Featured image: https://www.pexels.com/fr-fr/photo/famille-marchant-sur-le-chemin-1682497/

Ontario Passes Landmark Climate Change Legislation

Today, Ontario passed landmark climate change legislation that lays a foundation for the province to join the biggest carbon market in North America and ensures that the province is accountable for responsibly and transparently investing proceeds from the cap and trade program into actions that reduce greenhouse gas pollution, create jobs and help people and businesses shift to a low-carbon economy.

Under the Climate Change Mitigation and Low-Carbon Economy Act, money raised from Ontario’s cap and trade program will be deposited into a new Greenhouse Gas Reduction Account. The account will invest every dollar in green projects and initiatives that reduce emissions.

Following extensive consultation with industry and other groups, the legislation was strengthened by now requiring enhanced accountability and public reporting on the province’s upcoming Climate Change Action Plan and investment of cap and trade proceeds.

From J. Magnuson's Book on the approaching post-carbon economy. Link below.
           From J. Magnuson’s Book on the approaching post-carbon economy. Link below.

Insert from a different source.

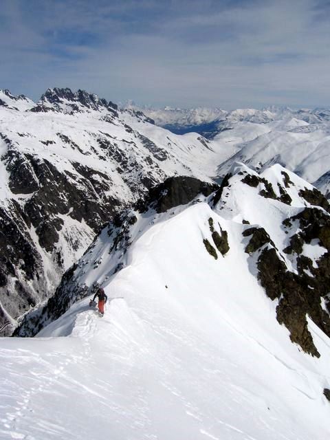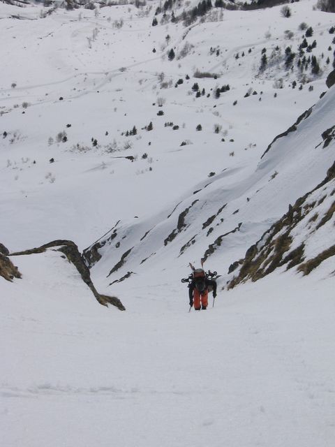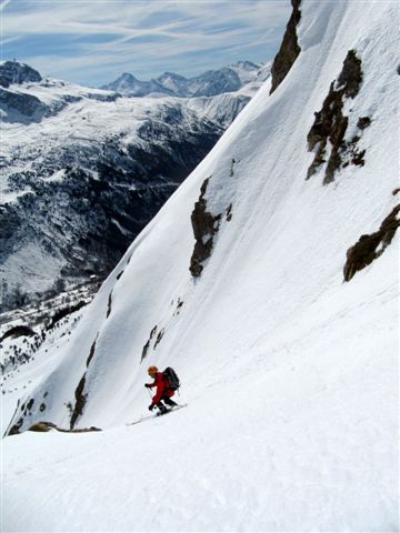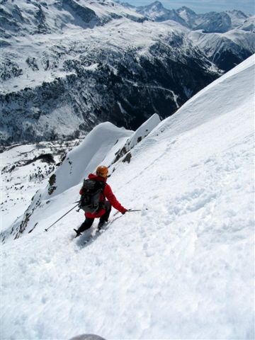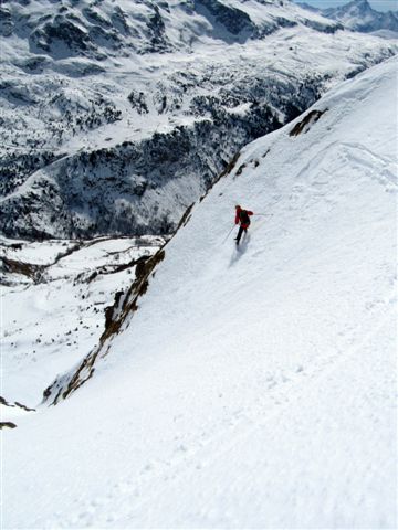 Rentrée grosso modo au milieu de la face par le goulet...puis au mieux en franchissant quelques ressauts plus raides entre les rochers jusqu'à l'arête. La face semble très bien remplie, il y a l'embarras du choix pour y tracer une ligne.

Ontario will post its final cap and trade regulation upon royal assent of the legislation. The regulation covers detailed rules and obligations for businesses participating in the program. The final design was also informed by extensive consultation https://www.ontario.ca/page/cap-and-trade-consultations-summary with businesses, industry, the public, environmental organizations and Indigenous communities.

Climate change is not a distant threat – it is already costing the people of Ontario. It has damaged our environment, caused extreme weather like floods and droughts, and hurt our ability to grow food in some regions. Over the near term, climate change will increase the cost of food and insurance rates, harm wildlife and nature, and eventually make the world inhospitable for our children and grandchildren.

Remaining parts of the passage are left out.